Se all’origine del pensiero naturalistico vi era l’idea di conservare e custodire la natura all’interno di una comunità, espressione di un sano rapporto tra esseri viventi e territorio, come mai oggi è avvenuta una pericolosa inversione, che vede il tema ambientale a esclusivo appannaggio del pensiero globale e progressista? La risposta a mio avviso è molto semplice: mentre nel pensiero conservatore l’idea di custodire, conservare e di tramandare trova la sua naturale collocazione perché insita nel proprio agire, in quello progressista rappresenta un tema estraneo da riportare dentro la lotta politica e quindi necessariamente da ideologizzare e propagandare. È opportuno precisare che il termine conservare, caro ai conservatori, non deve essere declinato come volontà di restaurare, ma come desiderio di custodire valori, opere e bellezza e di tramandarli alle generazioni che seguiranno; conservare non significa trasformare il mondo in un museo delle cere, ma essere portatori della tradizione, la quale saprà rendersi attuale in un gioco di adattabilità straordinario. Invece oggi si assiste alla totale assenza di una visione di medio lungo periodo, che si accompagna a un modo di pensare e quindi di agire assolutamente scollegato con il passato e incapace di proiettarsi nel futuro. Un pensare e agire che al contrario vive imprigionato in un eterno presente, che ci impedisce di assumere scelte orientate alla sostenibilità, e alla consapevolezza che il mondo non è nostro, ma ci ospita, ci offre il cibo, la sicurezza e la vita, e per questo abbiamo il dovere di custodirlo e conservarlo non tanto per noi, ma soprattutto per le generazioni che verranno.
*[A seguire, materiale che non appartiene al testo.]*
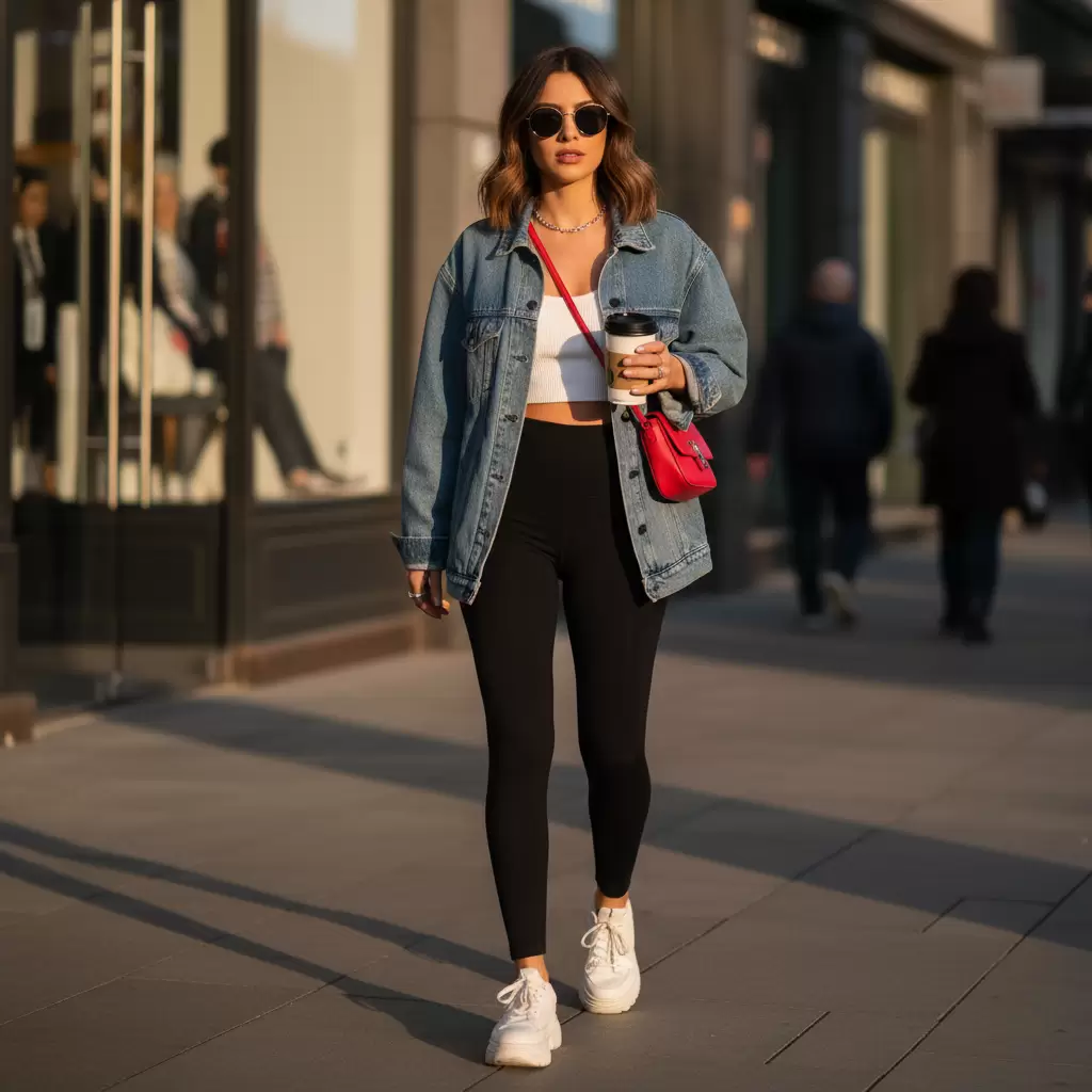Gợi ý phối đồ đi chơi với quần legging theo phong cách năng động

Le parole d’ordine devono essere rispetto, equilibrio ed armonia. Rispetto per tutto ciò che ci circonda, per la natura che ci è stata donata e che abbiamo il dovere di conservare. Equilibrio poiché uomo e natura devono creare un bilanciamento basato su un’armonia, dal modo di vivere a quello di costruire, senza mai dimenticare la conservazione di ciò che gli antichi romani chiamavano genius loci, lo spirito dell’uomo, la sua anima, l’identità, la sacralità senza cui non può esistere un vero amore per la terra e la natura. Una sacralità che unisce natura e letteratura accomunate dal senso della bellezza, dai versi di Pier Paolo Pasolini dedicati alla destra divina «difendi, conserva, prega» alle pagine di Gabriele D’Annunzio con le sue descrizioni della natura, le memorie inedite in Italia del principale filosofo europeo Roger Scruton, oltre a Thoreau.

Scindere la natura dal concetto di bello significa non riuscire a comprenderne il senso profondo che solo vivendoci a stretto contatto e lasciandoci trasportare dalle parole dei grandi letterati, possiamo davvero apprezzare.